Chicago Taxi Driver Arrested for Planning to Bomb U.S. Stadium
UPDATE: On February 6, 2012, Raja Lahrasib Khan pleaded guilty to one count of attempting to provide material support to Al Qaeda.
Posted: April 2, 2010
A Chicago taxi driver has been arrested for allegedly providing funds to Al Qaeda associates and planning to bomb a stadium in the United States.
Raja Lahrasib Khan, 56, was arrested in Chicago on March 26, 2010. A criminal complaint filed the previous day charged Khan with two counts of providing material support to a foreign terrorist organization in connection with his attempts to transfer funds to an alleged terrorist leader in Pakistan. Each count of providing material support to a foreign terrorist organization carries a maximum sentence of 15 years in prison.

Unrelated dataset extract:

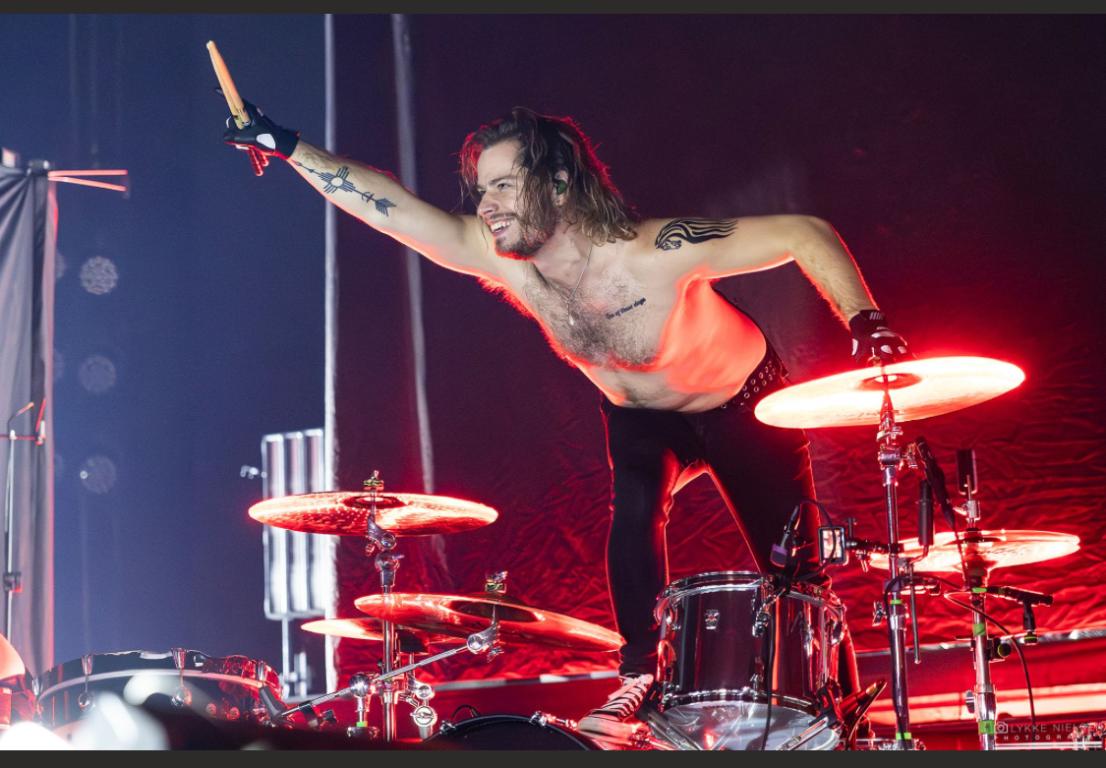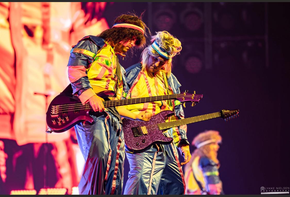 Man skal stå tidligt op, hvis man vil nå Electric Callboys telefontid, for bandet havde netop udgivet den nye single, “Tanzneid”, som de flåede koncerten åben med. Ligesom singlen var deres turné dugfrisk fra trykken, for bandet valgte af uransagelige årsager at begynde den i Danmark. Det kunne mærkes på deres massive energiudladning, hvis højspænding fik de friserede firserlokkers frisure til at rejse sig med hænderne mod taget. Deres spilleglæde virkede ægte, nærværende og nyfunden. Vi blev både introduceret til nyt materiale og en kærlig hilsen til de hardcore fans med dybe deep cuts i diskografien. Mellem sangene udfyldte animationer af sindrige kæmperobotter pauserne, så bandmedlemmerne kunne gennemføre deres mange kostumeskift uden at opholde showet. Der skete så meget på scenen, at man stirrede sig skeløjet for at få det hele med, og ved koncertens afslutning lignede vi alle papegøjefisk med øjnene på hver side af hovedet. Bandet spillede rollerne som alt fra Jane Fonda-lookalikes i neonlysende workoutdragter til diskoaliens, og man kunne på intet tidspunkt gætte, hvad der nu var i vente. Mellem teknobassens gennemtæskning af vinkedellerne og de metalcoreinspirerede screams var der også plads til en sjæler med den akustiske version af “Fuckboi” spillet nede blandt publikum. Her indtraf den eneste ulempe ved, at vi var første stop på turnéen: De havde simpelthen ikke prøvet det før og vidste ikke, hvorvidt det ville virke. Det gjorde det ikke. Tredje gang er lykkens gang, siger man, men vi var oppe på en del flere fejlslagne forsøg, før teknikken makkede ret. “Fortæl alle, at koncerten var så gennemført, at de endda havde planlagt fejl” sagde forsanger Kevin Ratajczak. Planlagt virkede det nu ikke, men bandet håndterede det med så fin humor, nærvær og professionalisme, at det ikke reducerede den samlede oplevelse af koncerten. Næsten tværtimod. Publikum vedblev at opbakke bandet, og resten af aftenen forløb gnidningsfrit.

The affidavit filed in support of the criminal complaint alleged that Khan, a naturalized American citizen from Pakistan, transferred approximately $950 to a Pakistani-based individual in November 2009. Khan allegedly earmarked approximately $300 of that money to "Lala," the nickname he used to refer to Ilyas Kashmiri, an operational chief for the Harakat ul-Jihad-i-Islami terrorist organization based in Pakistan and linked to Al Qaeda. Kashmiri has been indicted in a separate case for allegedly helping two other Chicago residents plan a terrorist attack against the offices and employees of a Danish newspaper that previously printed controversial cartoons depicting the Prophet Muhammad.
In March 2010, Khan, who claimed to have known Kashmiri for at least 15 years, allegedly discussed plans to attack a "big stadium" in the U.S. during the summer. Khan, who told an associate that he would ask Kashmiri to teach him how to conduct such an attack, suggested placing remote-controlled bombs in several bags planted throughout the stadium. "Put one bag here, one there, one there…three, four, five different places," Khan said, "boom, boom, boom, boom."
That same month, Khan allegedly agreed to deliver $1,000 from an undercover law enforcement agent to Kashmiri, who, according to Khan, planned to use the money to purchase weapons and "whatever mujahideen [Muslim warriors] needs [sic], including possibly medicine, clothing and ammunition." According to the affidavit, Khan further detailed Kashmiri's intended use of the funds to train and send recruits to Kashmir, the Palestinian Territories, Bosnia and Georgia, as well as Kashmiri's intent to provide bomb-making training to American operatives planning to carry out attacks in the U.S.
Days before Khan's arrest, his son was stopped at the Chicago O'Hare International Airport while boarding a plane to England. According to federal authorities, the son was carrying $700 in cash that the undercover agent had given to Khan, who allegedly planned to travel to England meet his son before continuing to Pakistan to deliver the money to Kashmiri.